Under Goldner, the Core Brands would be the tentpoles of the company. They would be exploited across a range of media with an eye towards major motion pictures, following the path Transformers had blazed. Goldner saw what happened to Marvel when they re-oriented their company from a publisher of comic books to a brand building factory (their market capitalization increased by something like 2 billion dollars). He wanted to replicate that at Hasbro.

Core Brands would get the financing they requested for development of their businesses (within reason). Non-Core brands would not. They would be allowed to rise & fall with the overall toy market on their own merits without a lot of marketing or development support. In fact, many Non-Core brands would simply be mothballed - allowed to go dormant for some number of years until the company was ready to take them down off the shelf and try to revive them for a new generation of kids.

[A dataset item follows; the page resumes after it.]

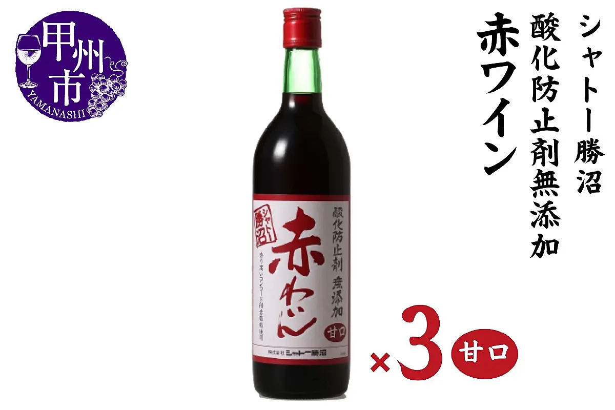 シャトー勝沼 酸化防止剤無添加赤わいん甘口3本セット(MG)B13-663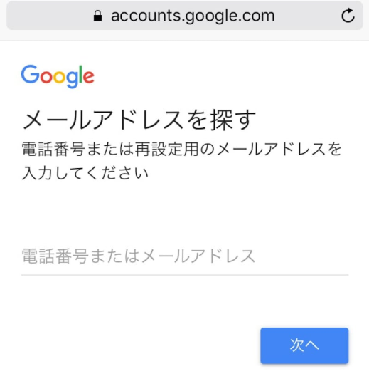 Step1:「アカウントの復旧」(accounts.google.com)をクリックします。

You can read the full piece here.
 

GreyICE

Banned
Banned
Core Brands would get the financing they requested for development of their businesses (within reason). Non-Core brands would not. They would be allowed to rise & fall with the overall toy market on their own merits without a lot of marketing or development support. In fact, many Non-Core brands would simply be mothballed - allowed to go dormant for some number of years until the company was ready to take them down off the shelf and try to revive them for a new generation of kids.

But D&D needs marketing and development support. It can't afford to just sit there as an established brand like a board game can. Board games don't have to change. They don't have to evolve. D&D does. D&D needs marketing and development, without them it's dead.

So yeah, I think I meant exactly what I said.
 

S'mon

Legend
It was cute having this conversation with you in 2011. In 2012 it's anachronistic. Nobody is disputing the publicly available sales numbers at this point and people from inside WotC have confirmed that the company considers 4E a market failure.

I'd have to agree. Plenty of WoTC people have said 4e failed. WoTC gave up on it less than halfway through its predicted lifespan. Paizo say Pathfinder replaced D&D as market leader in 2010-11, and WoTC don't disagree.

Plus, and what surprises me more, all the survey polls I've seen indicate that a very large but fairly silent group of players never stopped playing 3e, they didn't convert to either 4e or Pathfinder though I suppose they may be buying some Pathfinder products.

I'm not sure by what metric 4e could be considered not to be a commercial failure, whatever its strengths as a game. Per Dancey it was supposed to turn D&D from a $25-$30 million business into a $50 million business, leading into a $100 million business once Hasbro got the videogame rights back. Instead it turned D&D into something closer to a $15-$20 million* business, judging by what I've seen of DDi numbers and sales figures.

*Probably lower this year, given the lack of new product. I remember looking over all the 2011 data I could get.